• [WHAT THE TASK REQUIRES] Line by line, the data below should be set down unchanged, with images excluded.
--- ENTRIES PROVIDED ---
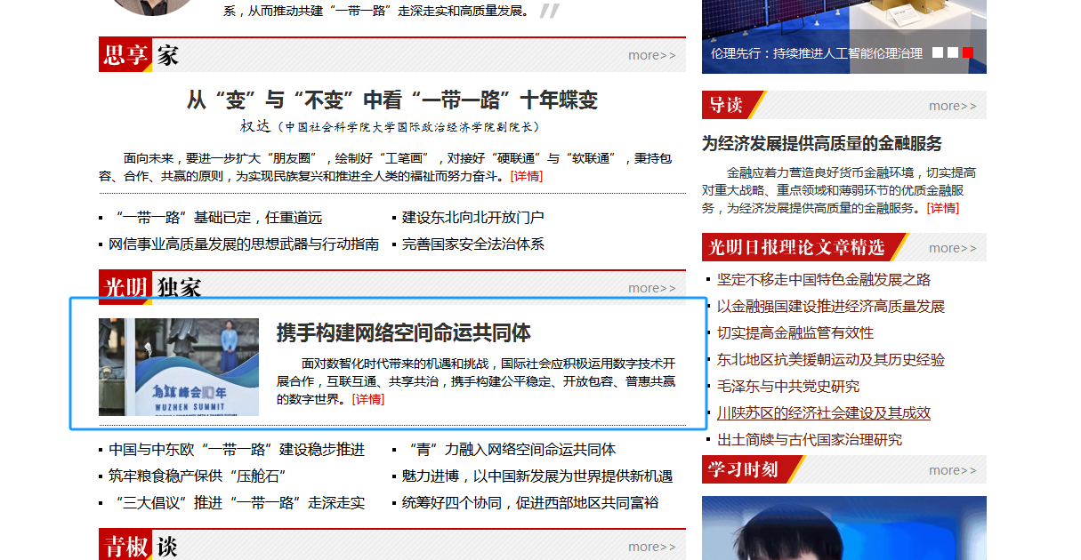 光明网理论频道的重点位置推荐
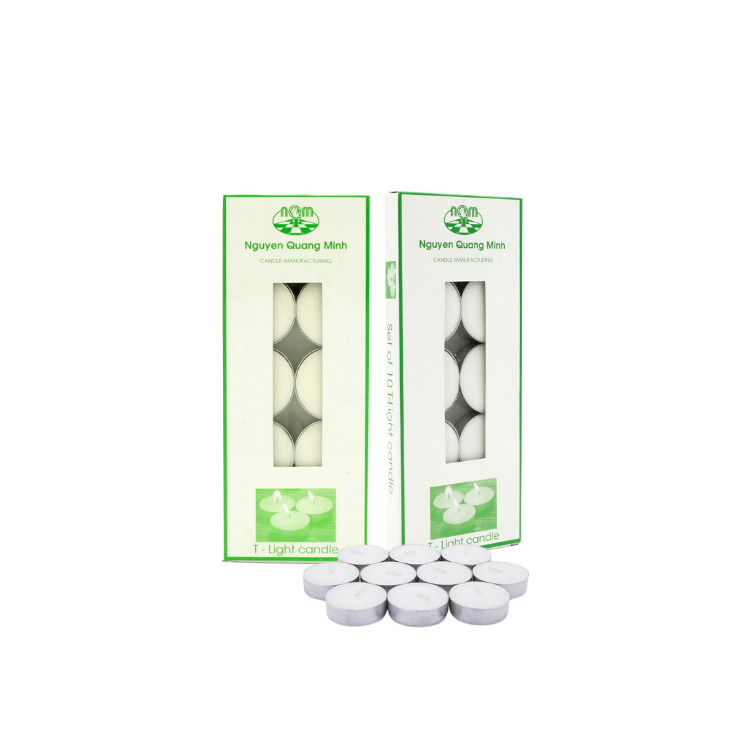 Packaging Description:10 Pressed Tealight Candles in Alu Cups / Packaged in Paper Boxes
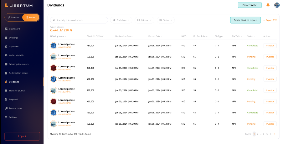 Once confirmed, the dividend request will be created and listed on the dividend management page.
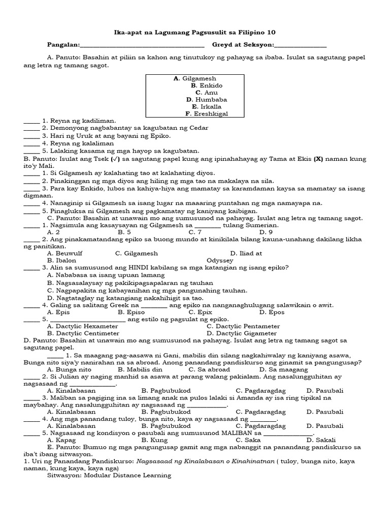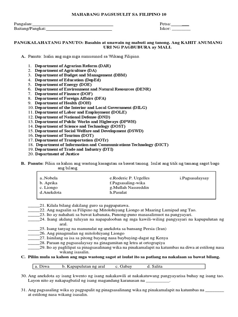 Mahabang Pagsusulit Sa Filipino 10
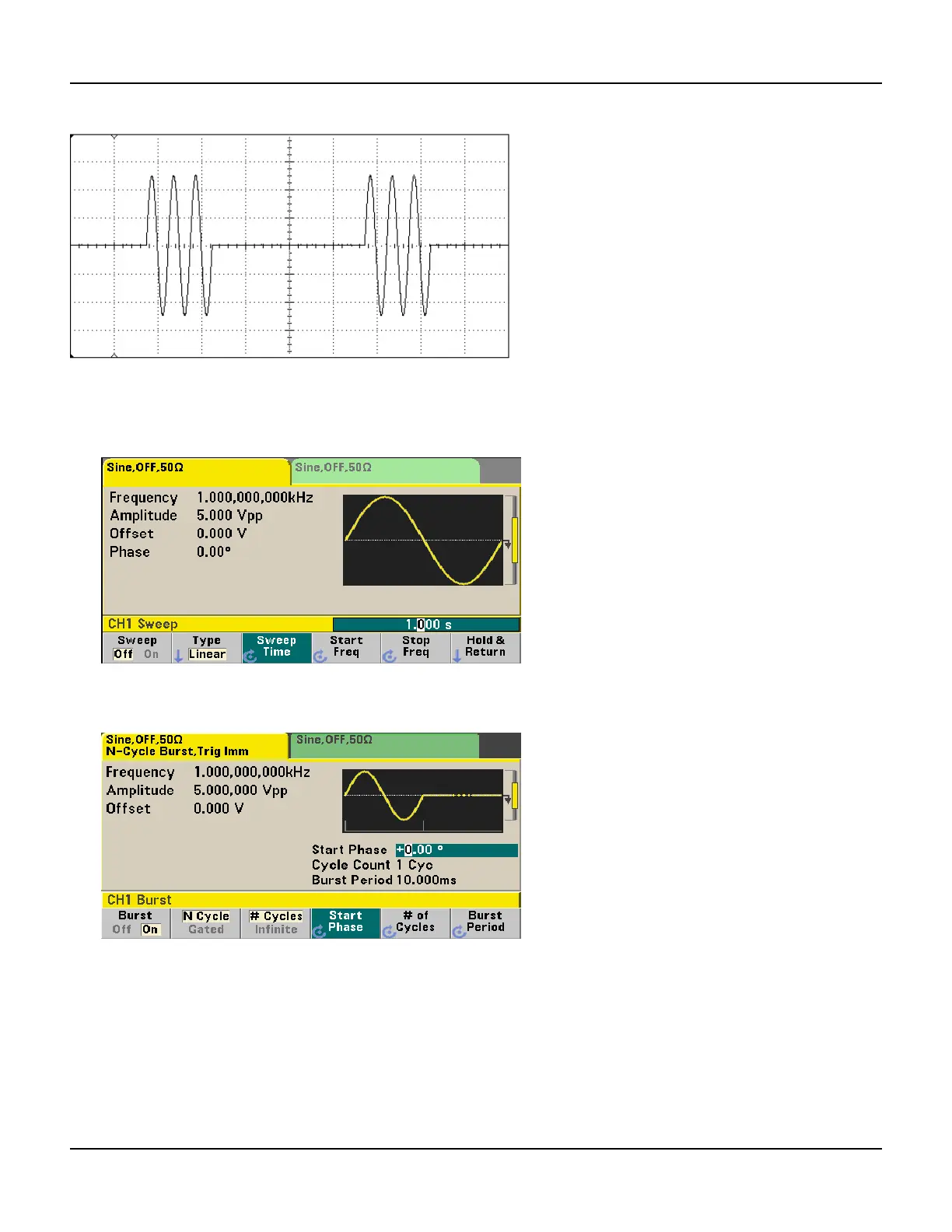Press Burst and then press the Burst Off / On softkey. Notice that a status message N Cycle Burst, Trig Imm
---
• [EXPECTED ANSWER]
 光明网理论频道的重点位置推荐
 Packaging Description:10 Pressed Tealight Candles in Alu Cups / Packaged in Paper Boxes
 Once confirmed, the dividend request will be created and listed on the dividend management page.
 Mahabang Pagsusulit Sa Filipino 10
Press Burst and then press the Burst Off / On softkey. Notice that a status message N Cycle Burst, Trig Imm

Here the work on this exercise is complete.